# Kz Frontier 2405



## Dmac (Apr 24, 2012)

After looking for about 6 months I knew that I wanted to purchase a used Outback 25RS, but the problem was I could not find one within 250 miles of Atlanta.
While looking I found a 2006 KZ Frontier 2405 with the same floor plan as the Outback 25RS. We went and looked at it and bought it last month. For the most part
I am very happy with the camper but there are a few things I need to work on. Since there is very little information on the web about the KZ, I am hoping to be able to
bounce ideas off you guys, and show some of the mods I have already done. I don't have any photos yet, but here are a few things that I have already done.
1. Mounted a 23 inch LCD TV on a pivoting arm at the end of the kitchen. This is what I purchased, which has an extra mount that I will put on the outside of the camper.
http://tinyurl.com/8cyhjby
2. The bathroom in the Frontier is tiny, and it is hard for me to sit down without my knees pushing on the door. For some reason the toilet is moved about a foot from the
back wall, and it is elevated about 8 inches. I am looking to move the toilet back, but I have not started that yet. I did come up with a solution for a toilet paper holder.
Since it is so cramped, there is really nowhere to put the holder, so I purchased this - http://tinyurl.com/9kpmvk6 
I will put this in the wall, and it will have to come through the other will on the bottom front bunk. I will just frame it in on that side.
3. My outdoor hatch did not have anything in it, and the inside framing of it was just unfinished tin metal. I painted it a glossy white, that it looks great.
I will probably put my other TV mount in there, and also add outdoor speakers.
I would like to tap into the speakers in the ceiling for the outdoor speaker, since the radio is mounted on the other side of the trailer, over the dinette.
Anyone know what the ceiling is made of, and what is in the walls? My old camper had foam walls, with wood studs. Not sure how to fish a wire through the ceiling or walls.
Any ideas.
4. I built a bunk ladder for the front bunk.

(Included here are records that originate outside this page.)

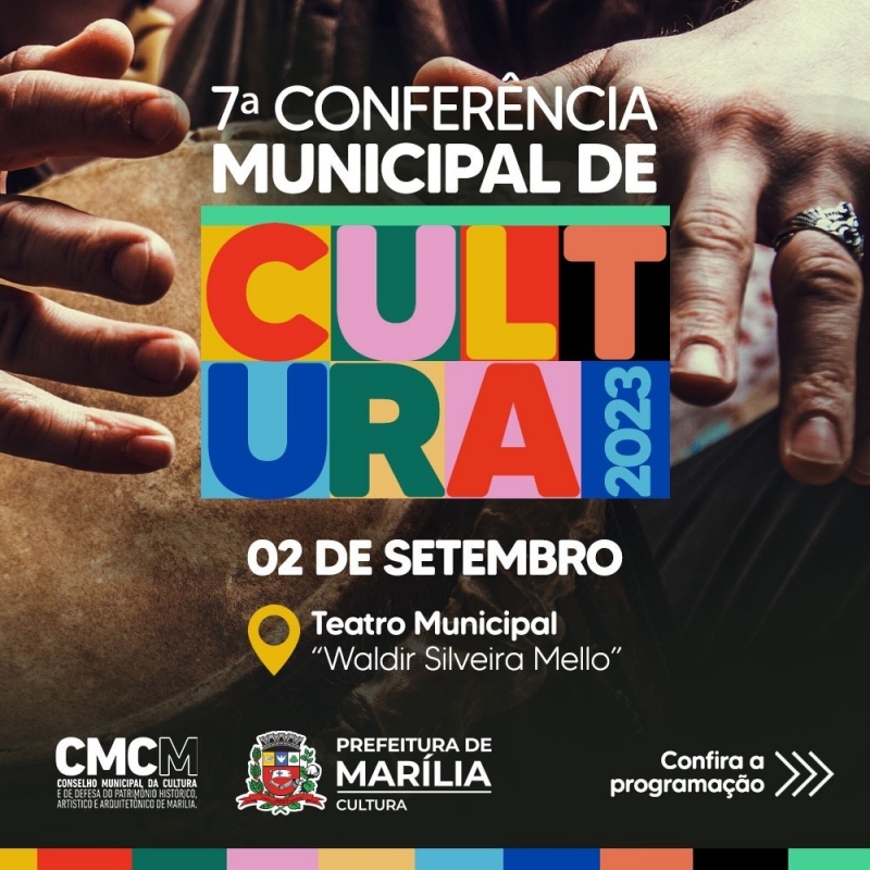 Programada para acontecer no próximo sábado, dia 2 de setembro de 2023, a segunda etapa da VII Conferência Municipal da Cultura de Marília terá como tema ‘Democracia e Direito à Cultura’, mesmo tema da 4ª Conferência Nacional de Cultura (CNC). A plenária será realizada a partir das 9 horas no Teatro Municipal ‘Waldir Silveira Mello’, com previsão de término às 17 horas. A programação incluirá credenciamento, café da manhã, apresentação musical ‘Chorinho Otávio Capriolli e Marcelo Beato’, mesa de debate ‘Democracia e Direito à Cultura’ e texto-base nacional e municipal, debate do plano municipal de Cultura e metas para o próximo biênio, coffee break, aprovação do relatório final da conferência, eleição dos delegados para a conferência estadual e encerramento com apresentação do rapper ‘O Mabeco’.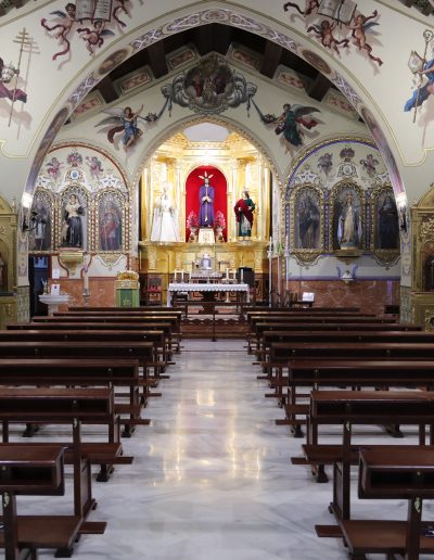 Una vez que penetramos en el templo, lo primero que apreciamos es el hermoso altar principal del mismo, situado en el Presbiterio. Este Retablo Mayor, obra del maestro Dionisio González de fines del XVIII de estilo neoclásico, pertenecía en origen a la Hermandad de la Alegría de San Bartolomé. Este fue comprado por un grupo de hermanos fundadores de la cofra- día allá por el año 1968, siendo el retablo de un solo cuerpo que se divide en tres calles, aunque hubo que adaptarlo mediante la inclinación de los laterales.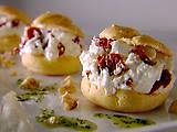 Goat Cheese and Sun Dried Tomato Profiteroles with Herb Oil

I will take some photos soon, and upload.

Darren.


----------



## RDS (Jul 20, 2011)

Dmac said:


> After looking for about 6 months I knew that I wanted to purchase a used Outback 25RS, but the problem was I could not find one within 250 miles of Atlanta.
> While looking I found a 2006 KZ Frontier 2405 with the same floor plan as the Outback 25RS. We went and looked at it and bought it last month. For the most part
> I am very happy with the camper but there are a few things I need to work on. Since there is very little information on the web about the KZ, I am hoping to be able to
> bounce ideas off you guys, and show some of the mods I have already done. I don't have any photos yet, but here are a few things that I have already done.
> ...


Not sure how your TT is constructed, but I removed the trim around my A/C and roof vents when I installed extra speakers in my ceiling.

This gave me lots of room to fish wire from spot to spot.

Good luck and have fun!


----------